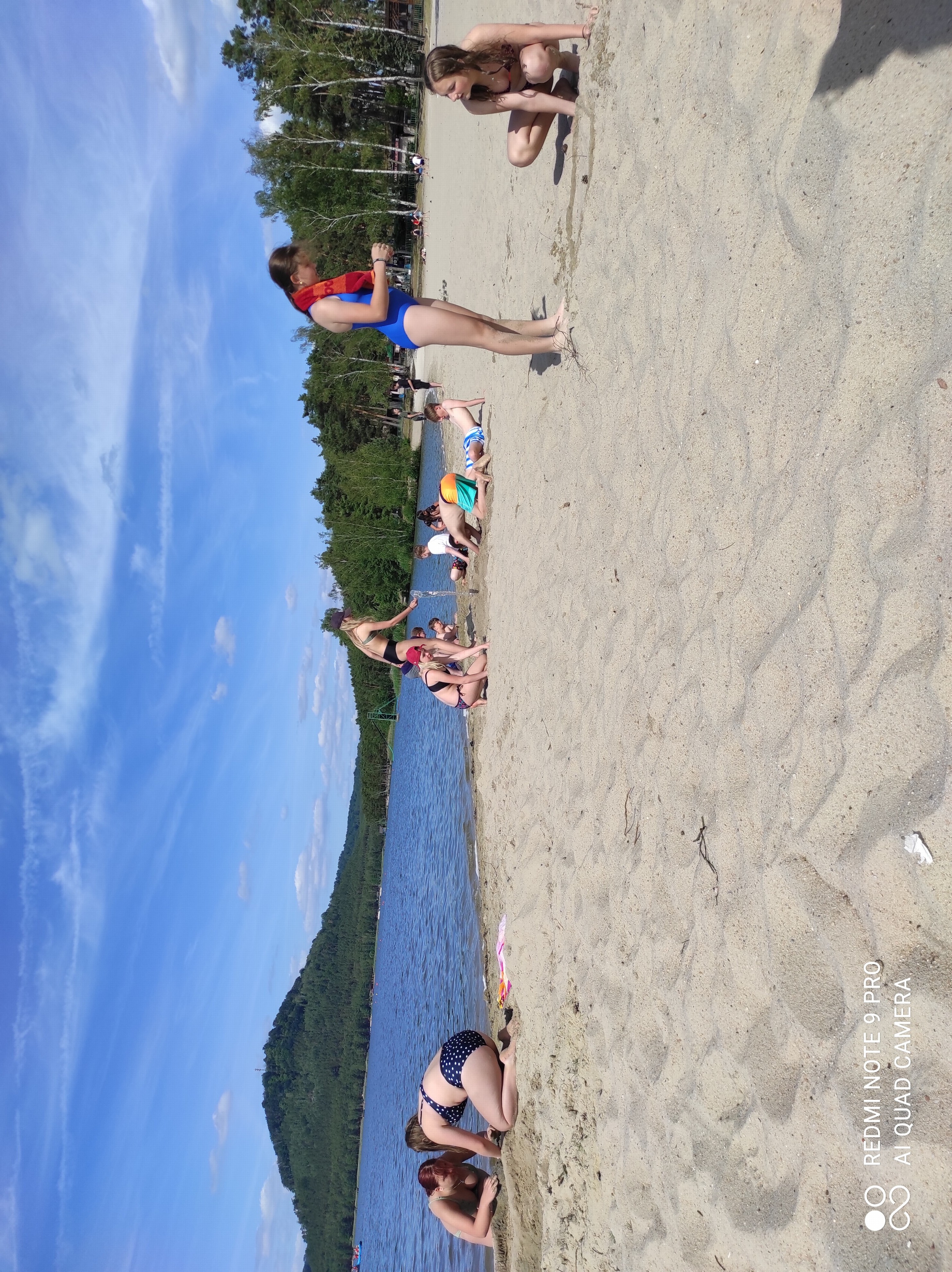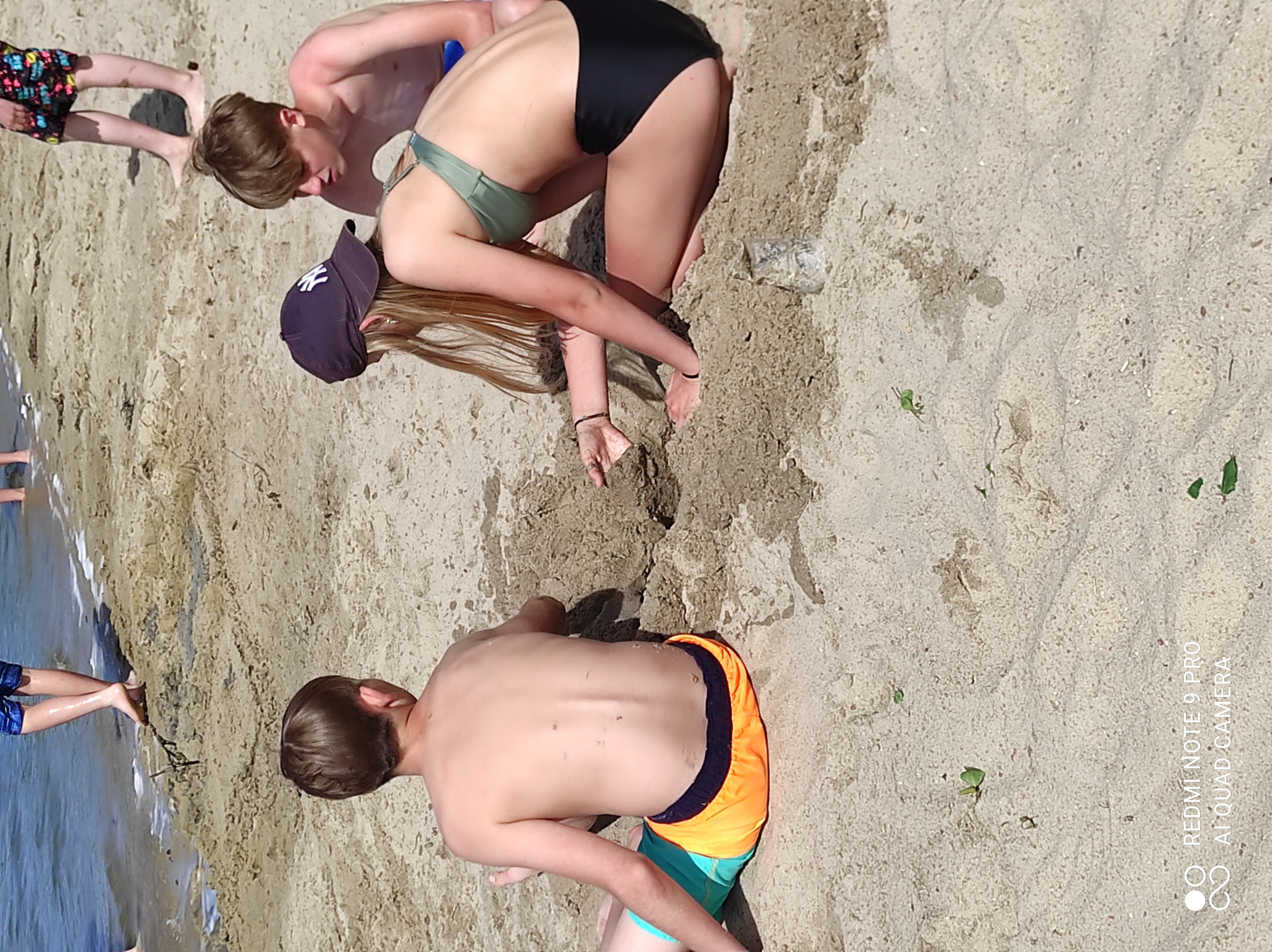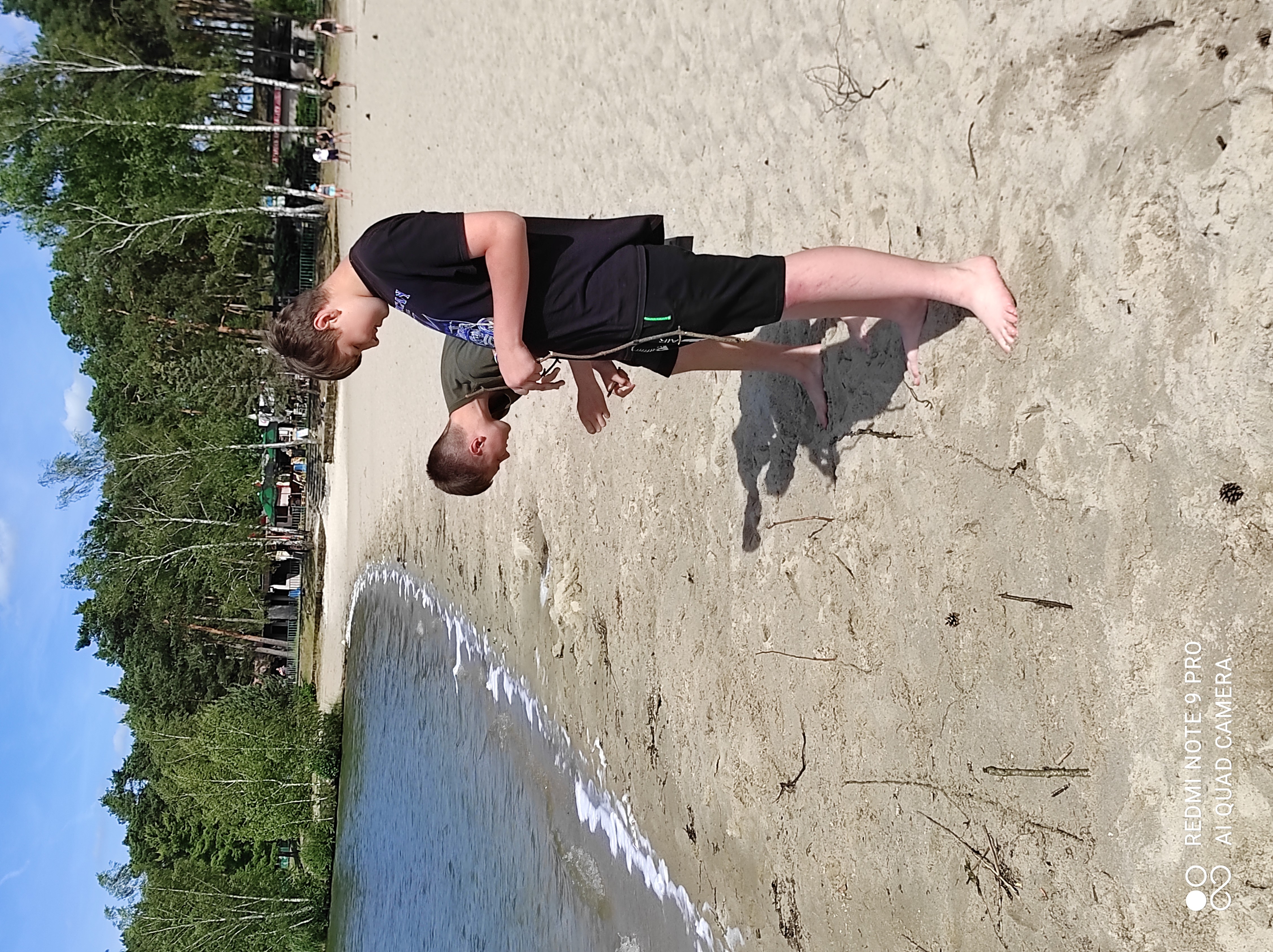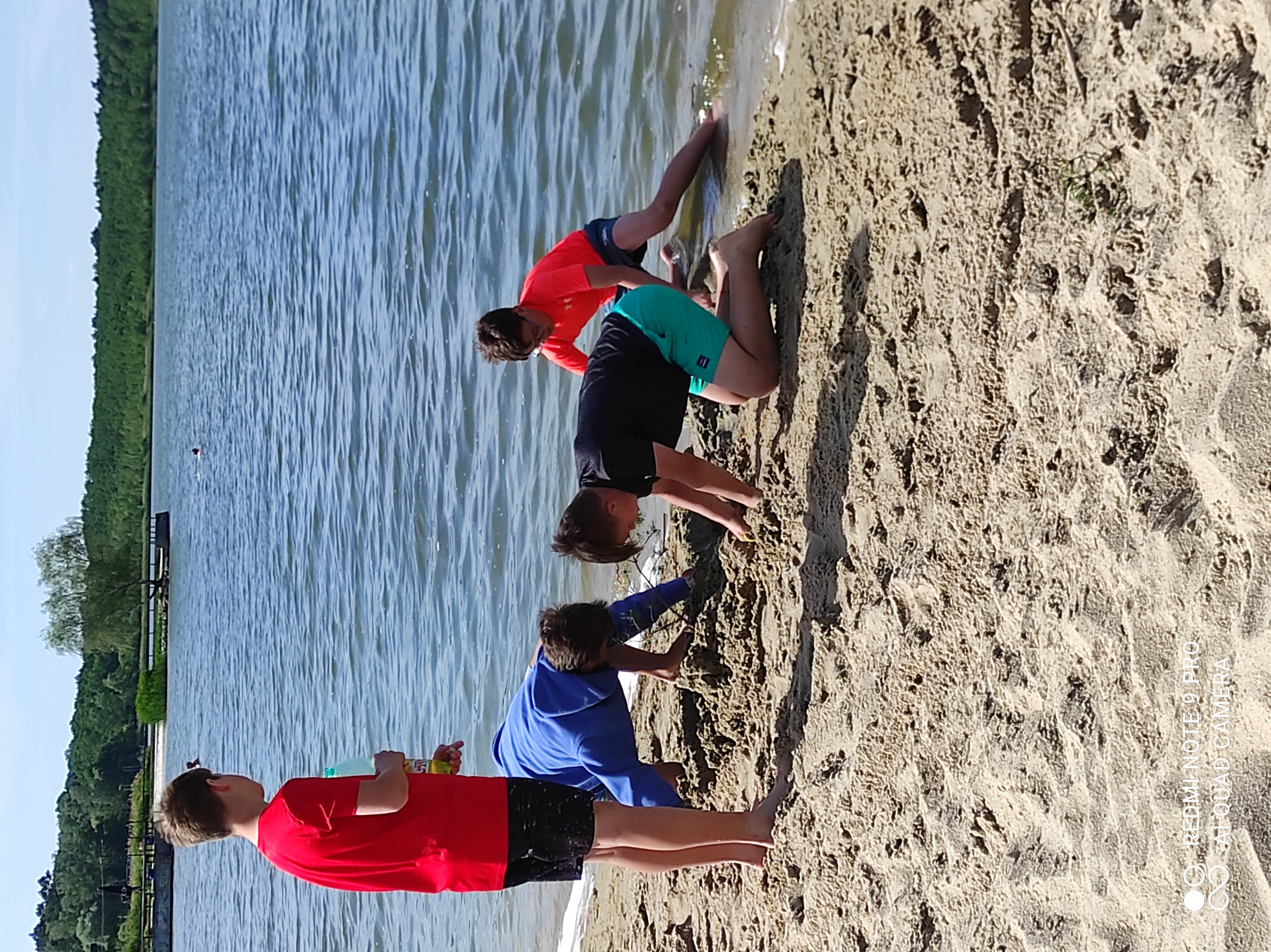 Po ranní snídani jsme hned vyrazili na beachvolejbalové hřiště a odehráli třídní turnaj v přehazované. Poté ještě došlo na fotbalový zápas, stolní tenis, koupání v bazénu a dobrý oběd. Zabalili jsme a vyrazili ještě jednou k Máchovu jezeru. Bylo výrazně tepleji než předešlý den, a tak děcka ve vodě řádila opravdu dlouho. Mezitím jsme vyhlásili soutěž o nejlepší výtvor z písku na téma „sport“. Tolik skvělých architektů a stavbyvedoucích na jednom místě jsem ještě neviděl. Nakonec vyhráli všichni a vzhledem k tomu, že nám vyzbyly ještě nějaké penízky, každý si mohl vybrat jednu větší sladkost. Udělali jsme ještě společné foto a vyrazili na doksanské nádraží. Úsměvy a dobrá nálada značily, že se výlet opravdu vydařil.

* * *

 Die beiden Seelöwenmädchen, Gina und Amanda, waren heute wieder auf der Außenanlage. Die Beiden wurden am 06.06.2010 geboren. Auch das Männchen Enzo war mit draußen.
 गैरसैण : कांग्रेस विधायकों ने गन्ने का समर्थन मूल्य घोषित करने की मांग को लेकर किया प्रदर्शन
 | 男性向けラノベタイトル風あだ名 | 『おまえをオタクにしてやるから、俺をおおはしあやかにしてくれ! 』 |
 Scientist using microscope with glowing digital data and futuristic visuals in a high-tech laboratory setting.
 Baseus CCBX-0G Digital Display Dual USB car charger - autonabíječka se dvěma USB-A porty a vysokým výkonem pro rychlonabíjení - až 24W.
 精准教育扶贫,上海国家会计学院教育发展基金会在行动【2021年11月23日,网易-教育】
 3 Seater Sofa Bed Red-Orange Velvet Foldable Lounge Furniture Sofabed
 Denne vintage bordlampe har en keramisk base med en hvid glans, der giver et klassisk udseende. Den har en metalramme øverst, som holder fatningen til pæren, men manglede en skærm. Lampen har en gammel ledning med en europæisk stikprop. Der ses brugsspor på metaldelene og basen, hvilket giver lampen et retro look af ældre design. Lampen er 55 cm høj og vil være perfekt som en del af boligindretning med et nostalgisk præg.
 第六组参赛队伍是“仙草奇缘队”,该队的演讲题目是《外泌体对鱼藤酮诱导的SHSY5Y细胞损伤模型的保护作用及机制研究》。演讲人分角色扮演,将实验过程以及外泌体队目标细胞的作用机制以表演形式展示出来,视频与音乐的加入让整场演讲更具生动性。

* * *

# DIRECTIONS
Beginning at the line above with "Baseus CCBX-0G Digital" and finishing at the line with "3 Seater Sofa", return each line exactly and return nothing else.

# RESPONSE TO THIS TASK
 Baseus CCBX-0G Digital Display Dual USB car charger - autonabíječka se dvěma USB-A porty a vysokým výkonem pro rychlonabíjení - až 24W.
 精准教育扶贫,上海国家会计学院教育发展基金会在行动【2021年11月23日,网易-教育】
 3 Seater Sofa Bed Red-Orange Velvet Foldable Lounge Furniture Sofabed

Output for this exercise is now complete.